→ **ASSIGNED TASK**: Set down each line of the data below exactly as it stands, dropping the pictures.

→ **PROVIDED MATERIAL**:
——————————

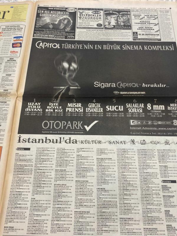 SABAH İSTANBUL GAZETESİ - 28 Mayıs 1999 -Başıboş köpekler sokaklarda terör estiriyor,bir yılda 10 bin insanı ısırdılar haberi-erdal Bilallar-filiz Güler-ramazan Yazgan-şenol baştakar-eczaneler-önemli telefonlar-İstanbulluların sesini dinleyin-Sarı Sayfalar-İstanbul’da kültür sanat-Güzellik Rehberi-Mustafa Sarıgül-Lütfi Kibaroğlu-eşref Albayrak-Murat Aydın-Sedat Özsoy-Gökhan artan-Recep Tayyip Erdoğan-Ali Müfit Gürtuna-doktor tuğrul Berkel-Erdal Çetin-Coşkun Özden-Emirgan-Bahçelievler-Şişli-Muammer bövelek-Atilla Dorsay-Ali Kırca’nın gözleri-Ünal ekmekçi-yıldız ekmekçi-Murat Demirel-Rafya Demirel-Mustafa değirmenci-Salim yavaşoğlu-Mutafyan-Baymak kombi-günal kavaklı villaları-akasya koleji-winsa-özel bilgi lisesi-fetih mobilyacılık çarşısı-sen hiç ateşböceği gördün mü- kelebekler özgürdür-capitol Türkiye'nin en büyük sinema kompleksi-erkom-bilmet computer center-orbita göz sağlığı-starduş adlı eser, Kitap > Süreli Yayınlar > Gazeteler > Türkiye > Genel > Günlük kategorisinde İkinci El olarak satıştadır.
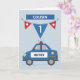 Anpassat namn kusin 1:a födelsedagsblå polisbil kort
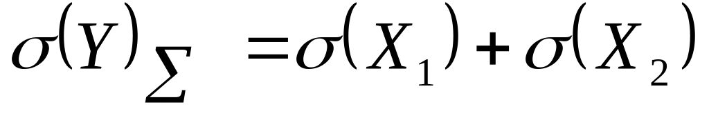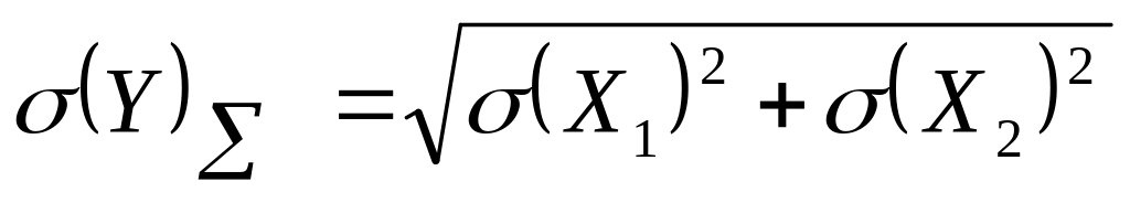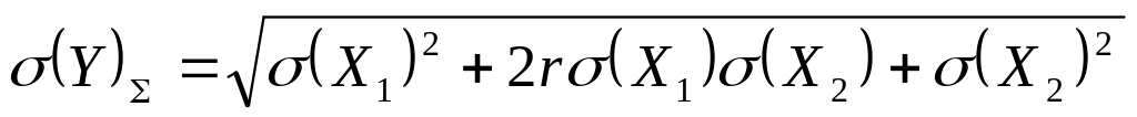 В большинстве практических случаев мы имеем дело с косвенными измерениями, в которых участвуют только два прямых измерения. Согласно теории вероятностей среднее квадратическое значение отклонения суммы двух величин от её математического ожидания вычисляется по формуле

——————————

→ **SOLUTION TO THIS TASK**:
 SABAH İSTANBUL GAZETESİ - 28 Mayıs 1999 -Başıboş köpekler sokaklarda terör estiriyor,bir yılda 10 bin insanı ısırdılar haberi-erdal Bilallar-filiz Güler-ramazan Yazgan-şenol baştakar-eczaneler-önemli telefonlar-İstanbulluların sesini dinleyin-Sarı Sayfalar-İstanbul’da kültür sanat-Güzellik Rehberi-Mustafa Sarıgül-Lütfi Kibaroğlu-eşref Albayrak-Murat Aydın-Sedat Özsoy-Gökhan artan-Recep Tayyip Erdoğan-Ali Müfit Gürtuna-doktor tuğrul Berkel-Erdal Çetin-Coşkun Özden-Emirgan-Bahçelievler-Şişli-Muammer bövelek-Atilla Dorsay-Ali Kırca’nın gözleri-Ünal ekmekçi-yıldız ekmekçi-Murat Demirel-Rafya Demirel-Mustafa değirmenci-Salim yavaşoğlu-Mutafyan-Baymak kombi-günal kavaklı villaları-akasya koleji-winsa-özel bilgi lisesi-fetih mobilyacılık çarşısı-sen hiç ateşböceği gördün mü- kelebekler özgürdür-capitol Türkiye'nin en büyük sinema kompleksi-erkom-bilmet computer center-orbita göz sağlığı-starduş adlı eser, Kitap > Süreli Yayınlar > Gazeteler > Türkiye > Genel > Günlük kategorisinde İkinci El olarak satıştadır.
 Anpassat namn kusin 1:a födelsedagsblå polisbil kort
 В большинстве практических случаев мы имеем дело с косвенными измерениями, в которых участвуют только два прямых измерения. Согласно теории вероятностей среднее квадратическое значение отклонения суммы двух величин от её математического ожидания вычисляется по формуле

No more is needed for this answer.